但是,我看不到llvm-mca的计算机总周期数与运行相应的std :: accumulate的挂钟时间之间的相关性.例如,在上面的代码中,总周期为2806,运行时间为14ms.当我切换到startValue 0ULL时,总周期为2357,但运行时为117ms.

However, I see no correlation between the total cycles computer by llvm-mca and the wall clock time from running the corresponding std::accumulate. For example, in the code above, the Total Cycles are 2806, the runtime is 14ms. When I switch to the startValue 0ULL, the Total Cycles are 2357, but the runtime is 117ms.

推荐答案

TL:DR:LLVM-MCA分析了这些注释之间的整个代码块,就好像它们是 body 一样.循环,并向您显示所有这些指令的100次迭代的周期数.

TL:DR: LLVM-MCA analyzed the entire chunk of code between those comments as if it were the body of a loop, and showed you the cycle count for 100 iterations of all those instructions.

但是,除了实际的(微小)循环外,大多数指令都是循环设置,而循环之后的SIMD水平和实际上只运行一次. (这就是为什么使用double累加器的0.0版本的周期计数为数千,而不是400 = 100乘以Skylake上vaddpd的4周期延迟的原因.)

But as well as the actually (tiny) loop, most of the instructions are loop setup and the SIMD horizontal sum after the loop that actually only run once. (That's why the cycle count is in the thousands, not 400 = 100 time the 4-cycle latency of vaddpd on Skylake for the 0.0 version with a double accumulator.)

如果您取消选中Godbolt编译器资源管理器上的"//"框,或修改asm语句以添加"nop # LLVM-MCA-END"之类的nop,则可以在asm窗口中找到这些行,并查看LLVM- MCA正在查看它的循环".

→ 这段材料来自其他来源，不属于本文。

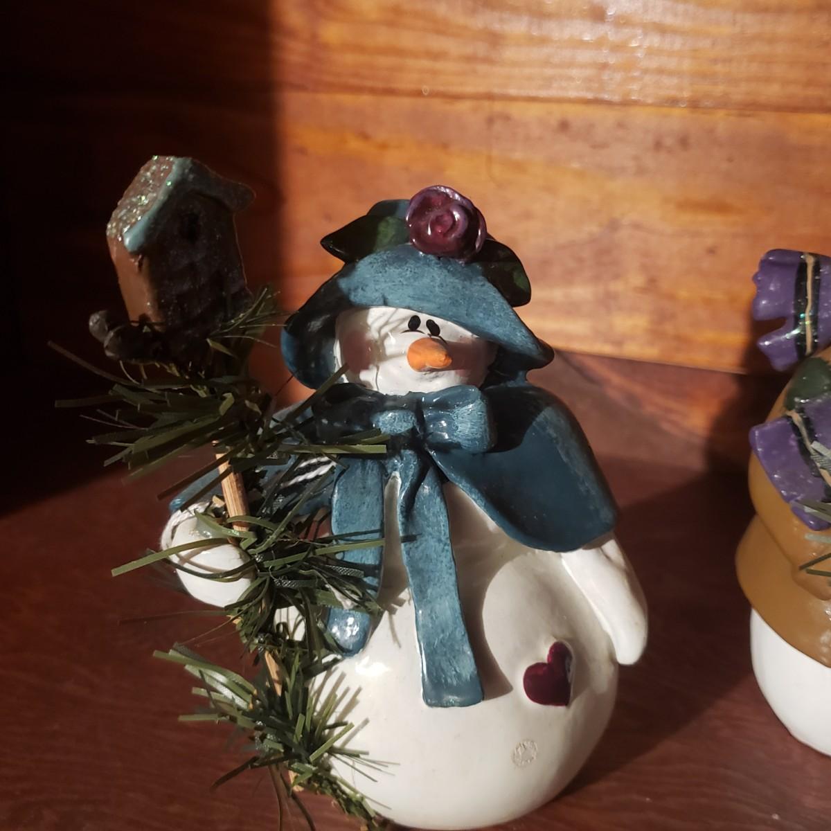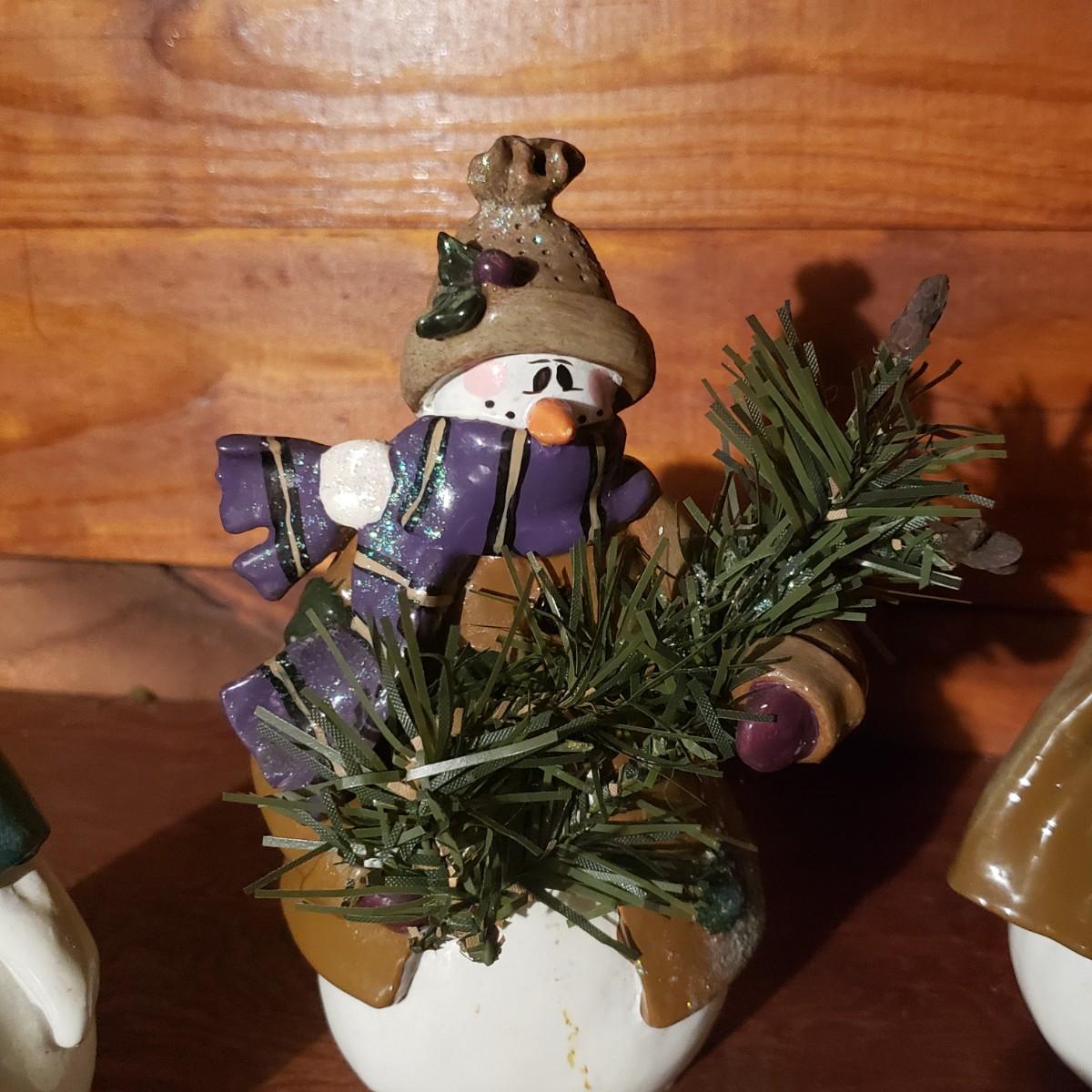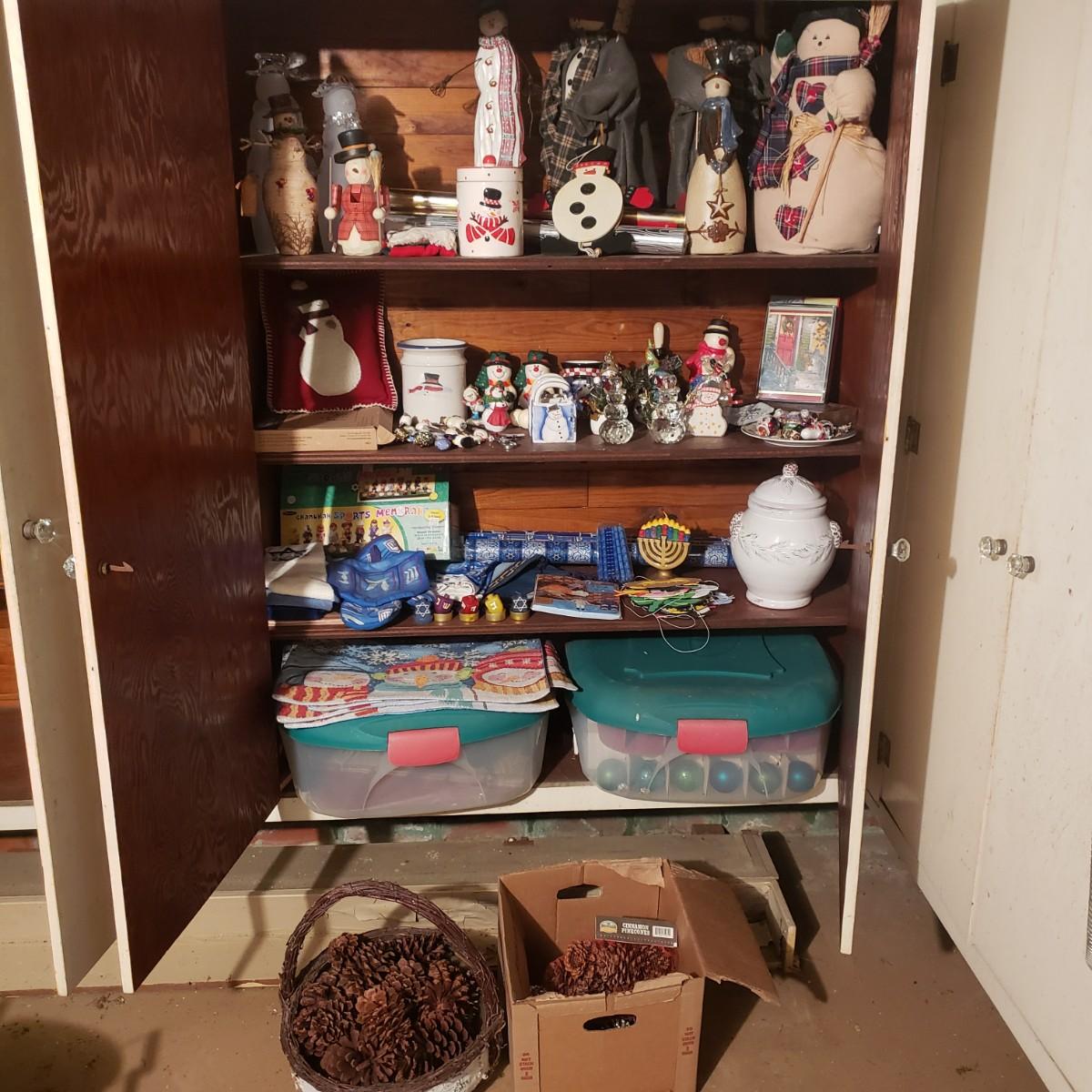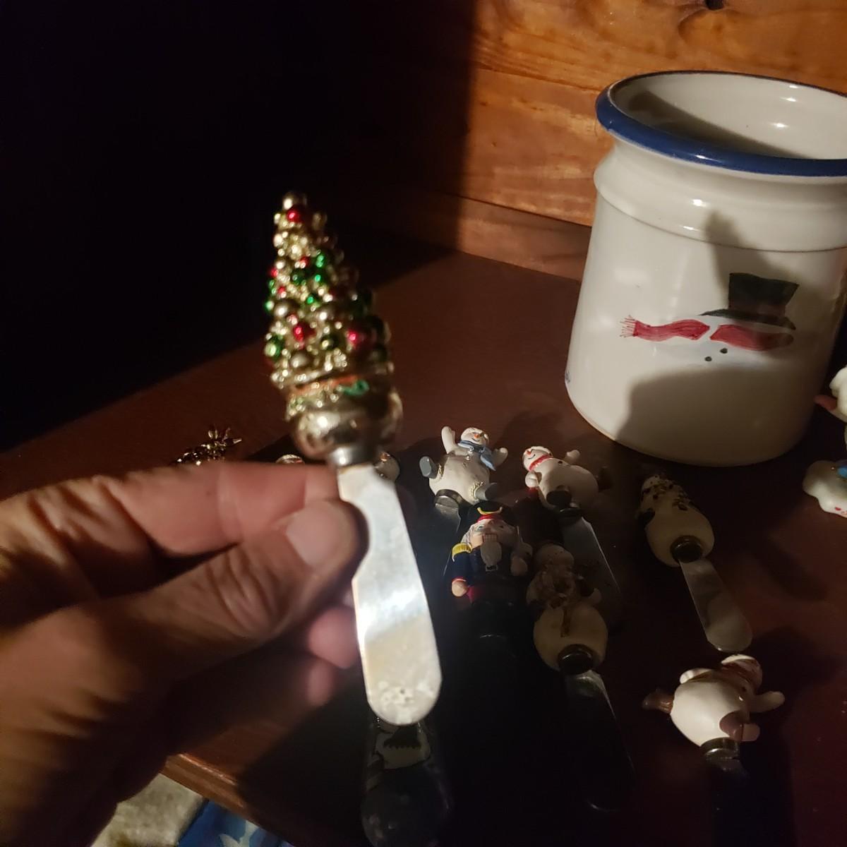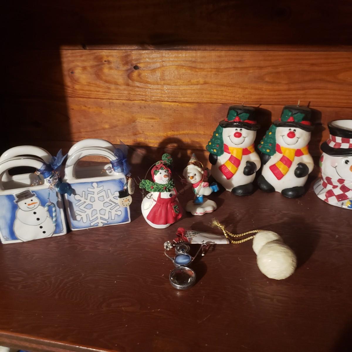 This large lot of decor will brighten your holidays! There is so much, so here are some highlights, a Pampered Chef glass snowman plate, multiple decorative cheese/dip knives, a pottery snowman, silver metal pinecones, Hanukkah sports minora, towels and gift paper. The Hanukkah book must have gotten wet, but still works! The majority of the bulbs in the storage bin are plastic with a few glass ones. The set of four snowpeople by Donna Little are adorable! They measure approximately 2" x 4"H.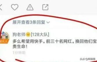凉山火灾牺牲了三十名英雄,各大网红都发作品默哀致敬,不知何时评论区出现这样一段文字节奏:用快手前三十网红的生命换回这三十位英雄该多好!狗老师发致敬英雄作品后,自己又跑去下方评论区留言复制这段话:多么希望用快手前三十名网红换回他们宝贵生命。狗老师此举扎了各位大网红的心,做的事没经过大脑,这种话怎么能说呢,有个性是好的啊,但个性过头了难免给自己惹麻烦。
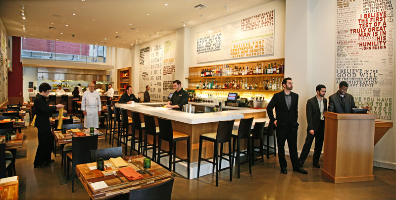 Incorporated the client's theme into the identity, typographic art panels, signage, menus, uniforms, and website. Designed sixteen 4'x10' panels with client-selected quotes sorted by theme and juxtaposed for effect. Logo referenced old-style typewriter keys to connote the timelessness of the printed word. Website captured the restaurant's ambiance and atmosphere by combining photography, sound, visuals, and color.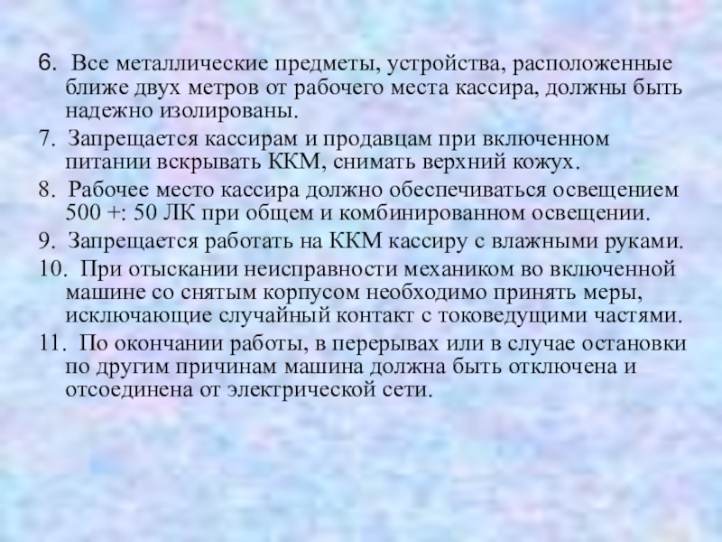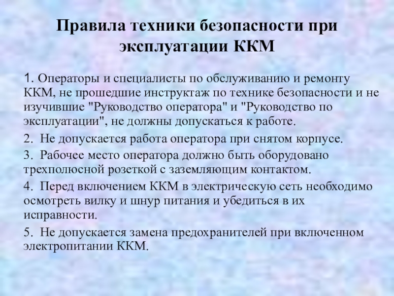 Слайд 20Правила техники безопасности при эксплуатации ККМ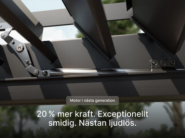 Den är enkel att anpassa, lätt att montera och helt underhållsfri – med motoriserade lameller som ger optimal kontroll över sol, regn och snö.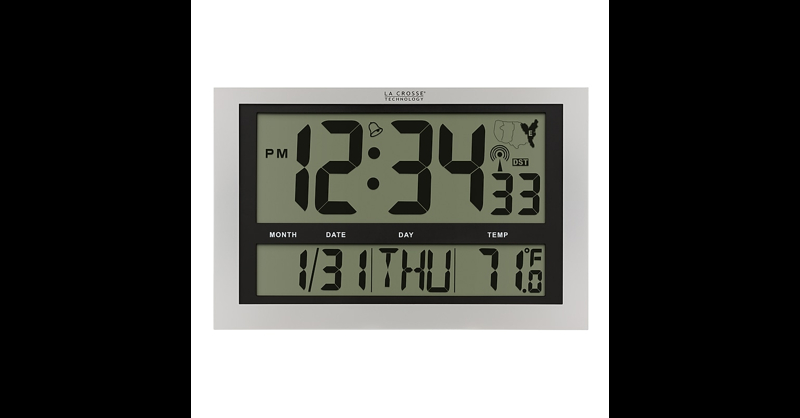 Wake up on time and stay on schedule with this jumbo atomic digital wall clock. Featuring a 4-inch time display with large, easy-to-read numbers, this atomic clock lets you choose between four time zones and automatically tells the exact time in 12- and 24-hour formats. This La Crosse Technology clock keeps you informed of the date and monitors and displays indoor temperatures. Atomic digital clock withplastic frame. Automatically Updates for Daylight Saving Time (On or Off Option). Runs on three AA batteries (not included). Large 4" time display with Arabic numbers. Four time zones: Eastern, Central, Mountain, and Pacific. Low battery indicator helps to change batteries on time. Monitors indoor temperature (in degrees F or degrees C). 1-year manufacturer limited warranty. 12/24-hour time selection is available. ⚠ WARNING: This product can expose you to chemicals including acrylonitrile, 1,3-butadiene, and styrene, which are known to the State of California to cause cancer and birth defects or other reproductive harm. For more information go to: www. P65Warnings. ca. gov. . Keep time with scientific precision and monitor indoor climates with this La Crosse Technology jumbo atomic digital wall clock.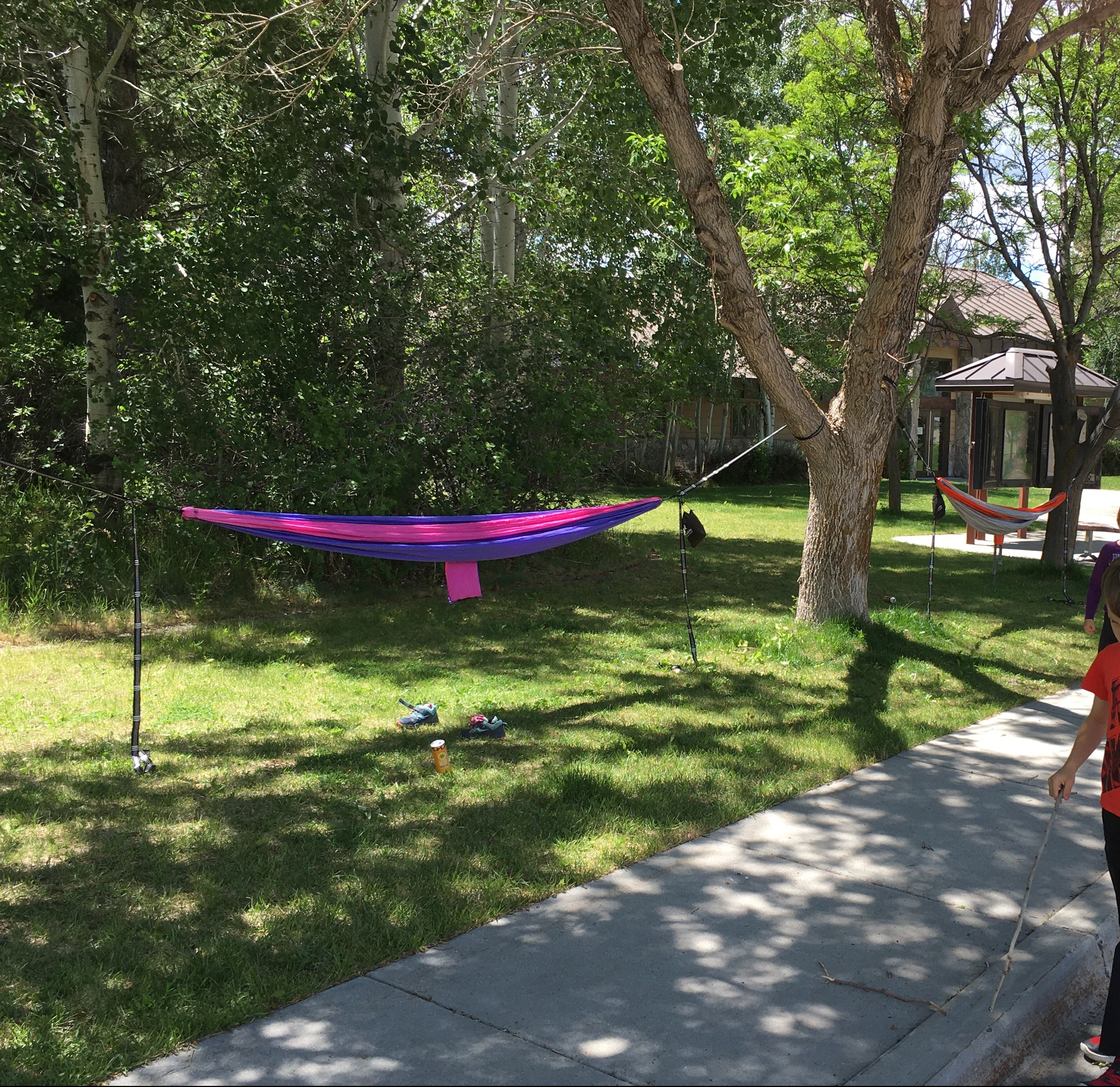 CD and the kids spent two hours in a National Forest Service Parking lot in Utah. I was on a phone call and they set up hammocks and cooked lunch. They were happy.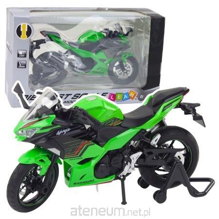 MOTOCYKL SPORTOWY METALOWY ZIELONY 1:12 Metalowy model sportowego motocykla to doskonały wybór dla kolekcjonerów, pasjonatów motoryzacji oraz dzieci, które uwielbiają dynamiczne pojazdy. Precyzyjnie odwzorowane detale, solidna metalowa konstrukcja oraz interaktywne elementy sprawiają, że model nie tylko świetnie się prezentuje, ale także oferuje realistyczne wrażenia podczas zabawy. Skrętna kierownica, amortyzowane zawieszenie i obracające się koła pozwalają na odtworzenie prawdziwej jazdy i manewrowania, co czyni go wyjątkowym dodatkiem do każdej kolekcji. Model został wyposażony w efekty świetlne i dźwiękowe, które są aktywowane dzięki zasilaniu 3x AG13 (w zestawie). Dodatkowe funkcje zwiększają realizm zabawy, sprawiając, że motocykl wygląda i brzmi jak prawdziwy pojazd. Dynamiczny, sportowy design w kolorze zielonym inspirowany jest klasycznymi motocyklami wyścigowymi, co dodaje mu autentycznego charakteru. Dzięki solidnej konstrukcji i dopracowanym detalom, model sprawdzi się nie tylko jako zabawka, ale także jako stylowa dekoracja na półce, biurku czy gablocie. Może być świetnym prezentem zarówno dla dziecka, które marzy o własnym motocyklu, jak i dla dorosłego fana sportowych maszyn. Łączy w sobie edukacyjną wartość i rozrywkowy charakter, dostarczając mnóstwo radości wszystkim miłośnikom dwóch kółek. SPECYFIKACJA: Wymiary motocykla: 17 x 6,3 x 9,3 cm Wymiary opakowania: 23 x 14 x 8 cm Materiał: Metal + elementy plastikowe Zasilanie: 3x AG13 (w zestawie) Funkcje: Światła, dźwięki, obracające się koła, skrętna kierownica, amortyzowane zawieszenie Kolor: Zielony ZAWARTOŚĆ ZESTAWU: Metalowy model motocykla Baterie 3x AG13 Oryginalne opakowanie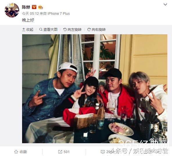 今天凌晨五点多,陈赫又发了一张跑男合照,这次只有邓超、迪丽热巴、陈赫和鹿晗。很明显这是为了补给迪丽热巴的粉丝的,陈赫这人也太耿直了吧。他说“晚上好”,应该捷克那边是晚上了,其他几位成员刚到,几个人聚个餐拍个照发个微博。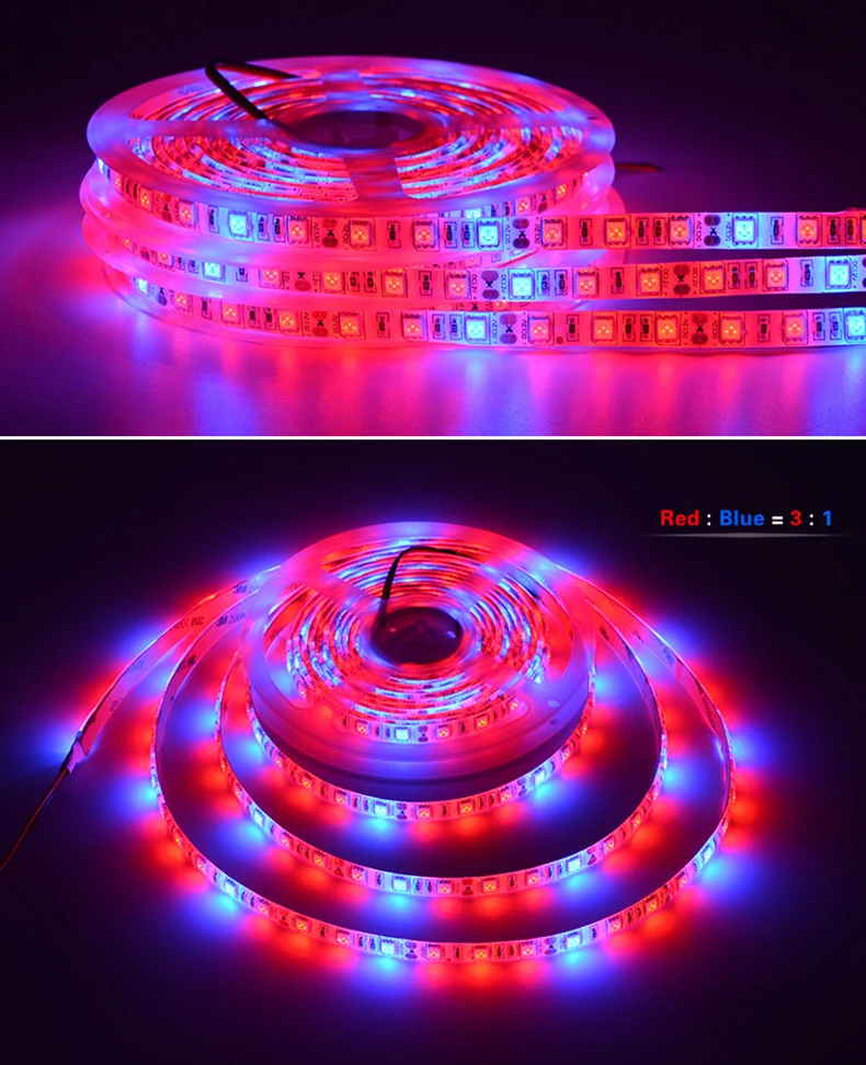 Светодиодный ленточный светильник Технические характеристики:Тип: светодиодный светильник для выращивания растенийВодонепроницаемость: IP65 / IP20Тип светодиодный: SMD 5050Количество светодиодов: 60 светодиодов/мСветящиеся Цвета: красный и синий (красный: синий = 3:1 или 4:1 или 5:1)Светодиодный Длина волны: Красный: 660нм; Синий: 450нмНапряжение: 12 В постоянного токаДлина: 5 мОбратите внимание:Светодиодный светильник-полоски посылка не содержит каких-либо принадлежностей, таких как светодиодный контроллер, DC или USB адаптер питания и т. Д.Влияние спектрального диапазона на физиологию растений:280nm-315nm оказывает минимальное влияние на морфологию и физиологические процессыХлорофилл от 315нм до 420нм поглощает меньше эффекта фотофериода и предотвращает удлинение стволаКоэффициент поглощения хлорофилла и каротиноидов на 420 нм до 500 нм (синий) является крупнейшим и оказывает самое большое влияние на фотосинтезСкорость поглощения красителя 500nm-620nm не высокаяСкорость поглощения хлорофилла 620нм? 9? 1750 нм (красный) является «высоким», что оказывает значительное влияние на фотосинтез и фотоэффектСкорость поглощения 750nm-1000nm, стимулирует удлинение клеток, влияет на цветение и прорастание семян> 1000 нм преобразуется в калории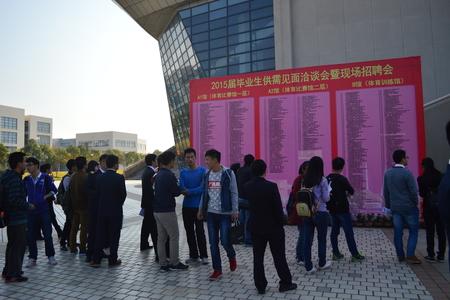11月11日,上海海事大学2015届毕业生供需见面洽谈会在临港校区体育馆举行。来自全国各地的503家用人单位与学生面谈,现场为学生提供就业岗位7000余个,用人单位累计面试16000多人次,近500名学生当场签订就业协议书。 2014-11-14, 星期五 -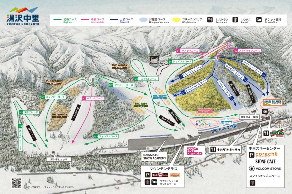 湯沢中里は2つの山からなり、マップ右側の山が1本の初心者コースを除いて、まるまるっと非圧雪・ツリーランエリアになっている。5つの非圧雪コースはダイナミック・ジャイアント・チャレンジ・エクストリーム・トレーニング。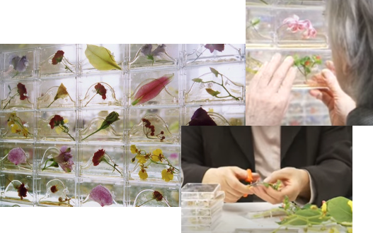 樹脂の入った音楽用カセットテープの中に、ドライフラワーや造花を入れ、会場の大きな窓に重ねていきます。さまざまないろ・かたちの花が会場を彩ります。
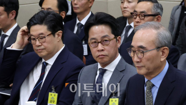 ▲김영섭(오른쪽부터) KT 대표, 조좌진 롯데카드 대표, 김병주 MBK파트너스 회장이 14일 서울 여의도 국회에서 열린 정무위원회 국정감사에서 증인으로 출석하고 있다. 고이란 기자 photoeran@

If you uncheck the "//" box on the Godbolt compiler explorer, or modify the asm statements to add a nop like "nop # LLVM-MCA-END", you'll be able to find those lines in the asm window and see what LLVM-MCA was looking at as it's "loop".

LLVM MCA模拟指定的汇编指令序列,并计算在指定的目标体系结构上执行每次迭代所需的周期数. LLVM MCA进行了许多简化,例如(超出我的脑袋):(1)假定所有条件分支均落空,(2)假定所有内存访问均属于Write Back内存类型,并且所有命中L1高速缓存,(3)假定前端工作最佳,并且(4)call指令不遵循被调用过程,它们只是掉线了.我还无法回忆起其他假设.

LLVM MCA simulates a specified sequence of assembly instructions and calculates the number of cycles it's estimated to take to execute per iteration on the specified target architecture. LLVM MCA makes a number of simplifications such as (off the top of my head): (1) it assumes that all conditional branches fall through, (2) it assumes that all memory accesses are of the Write Back memory type and all hit in the L1 cache, (3) it assumes that the frontend works optimally, and (4) call instructions are not followed into the called procedure and they just fall through. There are other assumptions as well that I can't recall at the moment.

从本质上讲,LLVM MCA(如Intel IACA)仅适用于后端计算绑定的简单循环.在IACA中,虽然支持大多数指令,但并未详细建模一些指令.作为示例,假定预取指令仅消耗微体系结构资源,但基本上占用零延迟,并且对存储器层次结构的状态没有影响.在我看来,MCA完全忽略了此类指示.无论如何,这与您的问题并不特别相关.

Essentially, LLVM MCA (like Intel IACA) is only accurate for backend-compute-bound, simple loops. In IACA, while most instructions are supported, a few instructions are not modeled in detail. As an example, prefetch instructions are assumed to consume only microarchitectural resources but take basically zero latency and have no impact on the state of the memory hierarchy. It appears to me that MCA completely ignores such instructions, however. Anyway, this is not particularly relevant to your question.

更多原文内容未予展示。